К слову, я обратил внимание на то, что президенты Путин и Буш в Братиславе обсуждали вопрос о демократии в России. На пресс-конференции Буш сказал: я верю слову Путина. Действительно, мы живем в России уже в таком обществе, что назад дороги нет. Но тут есть нюансы…
— Какие?
— Как-то я беседовал с бывшим французским премьером Барром. Он говорит: «Я ведь понимаю Путина. Ему, чтобы изменить сложившуюся ситуацию, без отдельных авторитарных шагов не обойтись». Далее спрашивает: «Не пойдет ли он на создание нового авторитаризма?». «Не пойдет. Это другой человек, — был мой ответ. — Но я с вами согласен — иногда невозможно обойтись без авторитарных действий».
— Почему вы ими не воспользовались ради сохранения СССР?
— Я обсуждал сам с собой — с кем еще обсуждать — этот вопрос. И принял то решение, какое принял. Пусть решают Верховные советы (союзных республик), у них лежат проект Союзного договора, разработанный уже после путча, и документы, принятые в Беловежской Пуще.
Еще говорят: почему не арестовал Ельцина? Но вы же его только избрали. Процесс должен идти по Конституции (действовавшая Конституция СССР юридически допускала добровольный выход союзных республик из Союза. — Г.А.). Имеют ли руководители трех республик (РСФСР, УССР, БССР — первоначальных основателей СССР) законные полномочия от своих Верховных советов? А народ спросили: желает ли он покинуть Союз? Независимость народ-то воспринимал как независимость в рамках Союза. Не как отделение. Вот в чем главный вопрос. Я об этом говорил, но меня не услышали. Виню больше себя: наверное, не так говорил и объяснял происходящее.
Но беловежская «тройка» ведь знала процедуру выхода из Союза. Пусть сперва Верховные советы выскажутся. Потом съезд. Нет. Они очень торопились. Все-таки это не просто заблуждение — это жажда власти.
— Быть или не быть? Быть или нет в Кремле? В этом был оставленный вам последний выбор?
— Тогда я сам все решал… Единолично. Нет… вдвоем, со своей совестью. Быть мне в Кремле или не быть? Мое законное кресло или судьба народа? Правда закона или кровь народа? Моя личная судьба или судьба народа? Отстаивать свое кресло с боем я не хотел. Я не сомневаюсь, что этот выбор мой был самый правильный. Это выбор человека-президента. А не президента-бюрократа. Я не жалею, что человек победил во мне президента.
— Вы первый в истории России после 1917 года бывший глава государства, который после своей отставки не расстрелян, не упрятан в Мавзолей, не упрятан на даче… Нам, россиянам, льстит, что у нас, как и у американцев, уже есть свои живые и здравствующие бывшие президенты. Черт побери, приятно иметь за спиной уже такое, как «там». Как вам живется среди народа после отставки?
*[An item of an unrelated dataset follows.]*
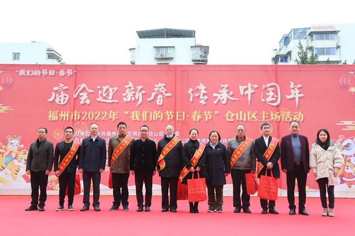 “廟會迎新春 傳承中國年”——福州市2022年“我們的節日·春節”倉山區主場活動,邀請道德模范前來參加并送上慰問品(倉山區委文明辦供圖)

— Перемены, которые произошли, видны и на уровне улицы: я не испытываю страха, и народ от меня не шарахается. Я езжу по стране спокойно. Но зюгановские плакатчики меня преследуют везде лозунгами и выкриками: «иуда», «предатель», «изменник», «козел»… Приходится терпеть эти проплаченные плакаты…
— Кстати, как вы относитесь к Зюганову?
— Зюганов — это, если бы я размышлял в логике ЦК, «седьмая вода на киселе». Пусть он вспомнит, как он шустрил по просьбе Хасбулатова и бегал в российском Верховном совете, уговаривая проголосовать — как вы думаете за что? — за Беловежские соглашения! Пусть он это шустрение и шестерение не забывает. Путчисты, которые пошли, не поборов в открытой политической борьбе Горбачева, на переворот, — они не имеют морального права судить других! Но немало тех, кто слушает их, аплодирует им. А президент награждает орденами. У меня все это вызывает по меньшей мере удивление. Тут дело в мозгах. Медленно идет этот процесс с перестройкой мозгов.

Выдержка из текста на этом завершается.